TOM: Plus, it's not a great idea to drive without knowing how fast you're going.
RAY: It sounds like you have a bad instrument cluster.
TOM: Sometimes the printed circuit boards in these instrument clusters fail. The problem often starts out intermittently because these tiny broken connections on the circuit board can be affected by heat or by hitting bumps.
RAY: Sometimes the circuit board can be repaired. We have a place that we send them out to. If they can find the bad connection, they can solder it and send it back to us.
TOM: Of course, that takes time, and the car will be in the shop with the dashboard apart while we wait and see if the board can be fixed - and then sent back.
RAY: But the alternative is getting your dealer to put in a whole new instrument cluster for you. That'll probably cost you close to $1,000.
TOM: You can try getting one at a junkyard. But you'll still have to pay for the labor, and there's a chance that your "new" one will have the same problem as the old one - or develop it on your way home.

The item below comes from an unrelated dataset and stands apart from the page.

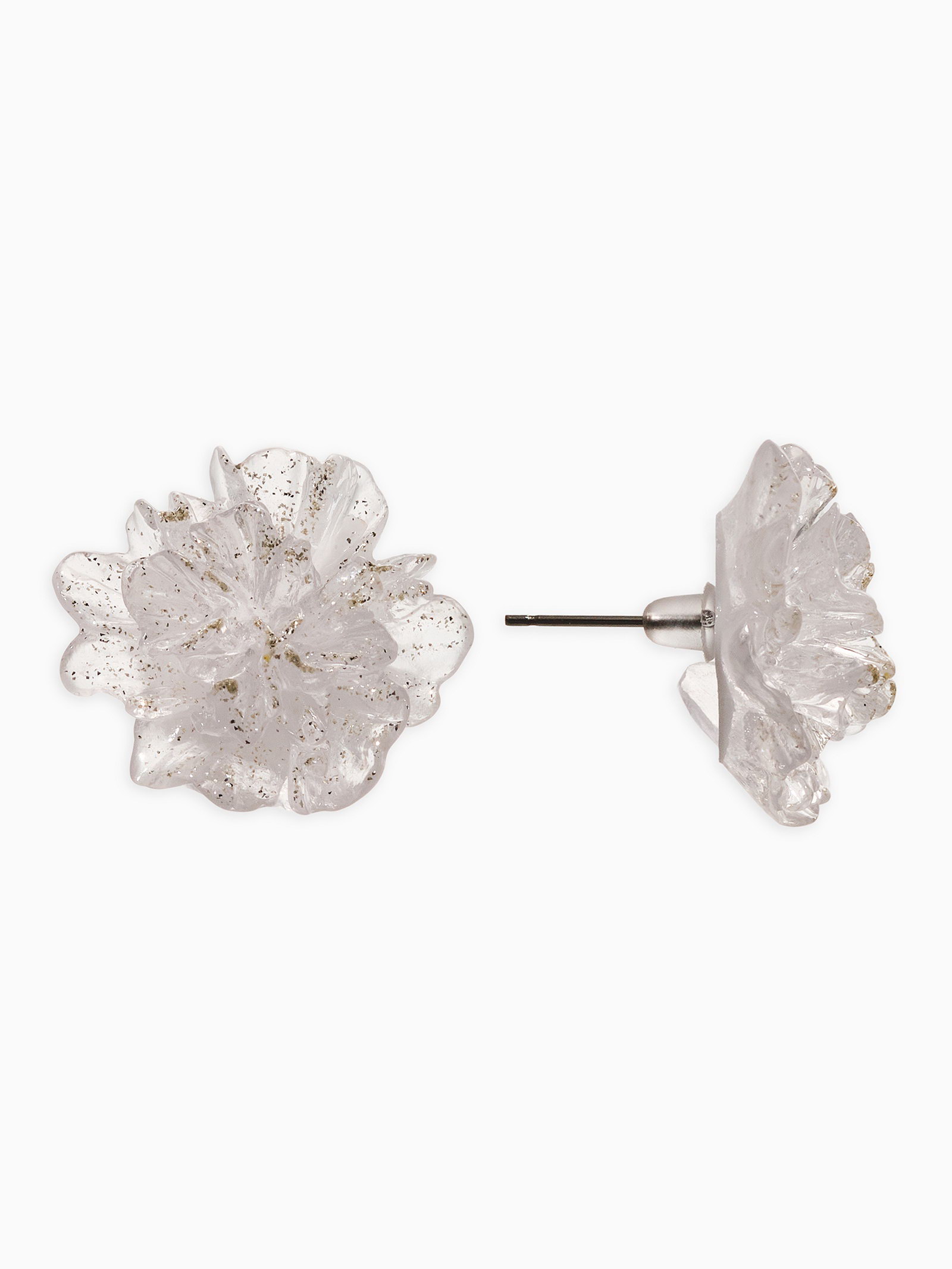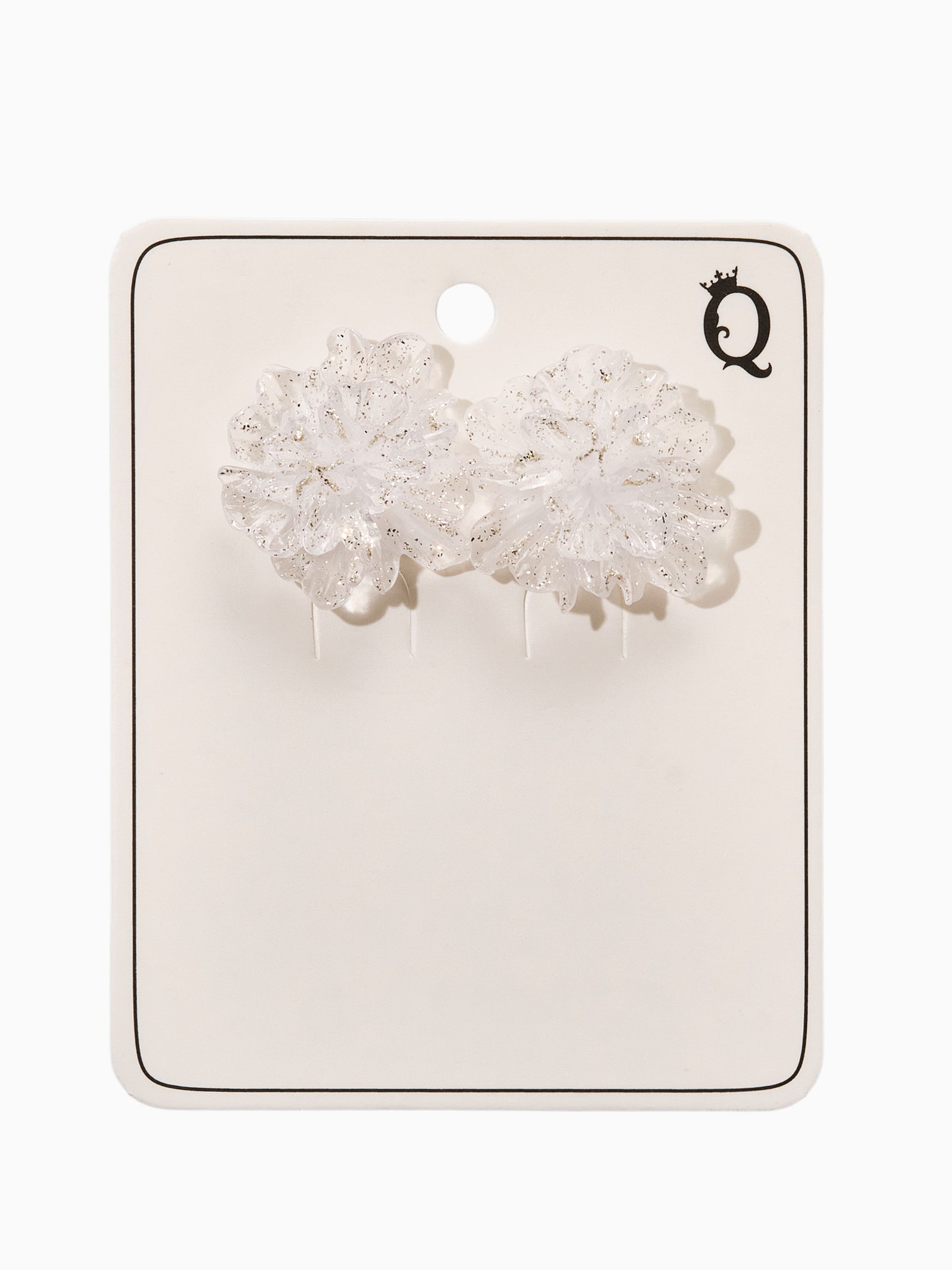 Серьги "Цветок ажурный воздушный", прозрачные, белые, с, блёстками, 2x2x0.5 см., QF, Китай
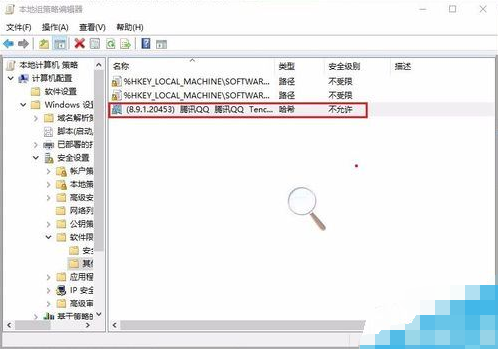 弹出如下图所示对话框,在右边的窗格中,我们会发现多出一条哈希规则,如图所示。这时再双击桌面上的QQ快捷图标,QQ就不能打开了。

And would that frost you!
RAY: If you're determined not to spend any money, if you have a portable GPS unit you can use that to tell you your speed. But that small screen is hard to read. And, like I said, if your oil pressure drops or the engine overheats and your dashboard warning lights don't work, your engine would be toast.
TOM: So, see if you can find a shop that can try to help you repair your circuit board first.
RAY: If that doesn't work, and if the car is otherwise in good shape and you plan on keeping it for another year or two, then the best thing to do is bite the bullet and replace the cluster. Good luck.
If a tin of sardines is attached to the exhaust manifold of a 1993 Ford F-150 with a pair of large radiator clamps, will the heat cause the salt water in the can to boil and the tin to explode? If so, how many miles of highway driving would be necessary? Would the resulting explosion be loud enough to be heard in the cab? Would the explosion cause any damage to the engine or engine compartment? Can the smell of hot sardines ever be washed away? Neither Siri nor Google seems to know the answers to these questions, but I thought a pair of MIT-trained auto mechanics might. Just curious.
TOM: I smell a prank in the works. "Smell" being the operative word.
RAY: The answers to your questions are yes, five, yes, no and no.
TOM: I don't know that the tin would explode, but the exhaust manifold would heat the water enough to probably burst a seam in the can.
RAY: And since the exhaust manifold gets up to about 600 degrees F, it wouldn't take very long. You even could heat up the sardines that come packed in extra-virgin olive oil if you wanted to get fancy.
TOM: No mechanical damage would be caused. We've never done a "sardine job" on a car, that I'm aware of. But it would spray that smell all over the engine. And for a long time thereafter, every time the engine heated up and the ventilation system was in use, sardine odor would waft into the passenger compartment.
RAY: It might not last forever - maybe just 15 or 20 years.
TOM: This is a dastardly thing to do. It's really long-lasting and unpleasant. I think I'm going to try it on my brother's car.
RAY: Well, I'd think carefully about the revenge you're going to invite before moving forward with Operation Sardine Can. But if we get a letter in a few weeks asking how to get sardine odor out of an engine compartment, we'll know what you decided.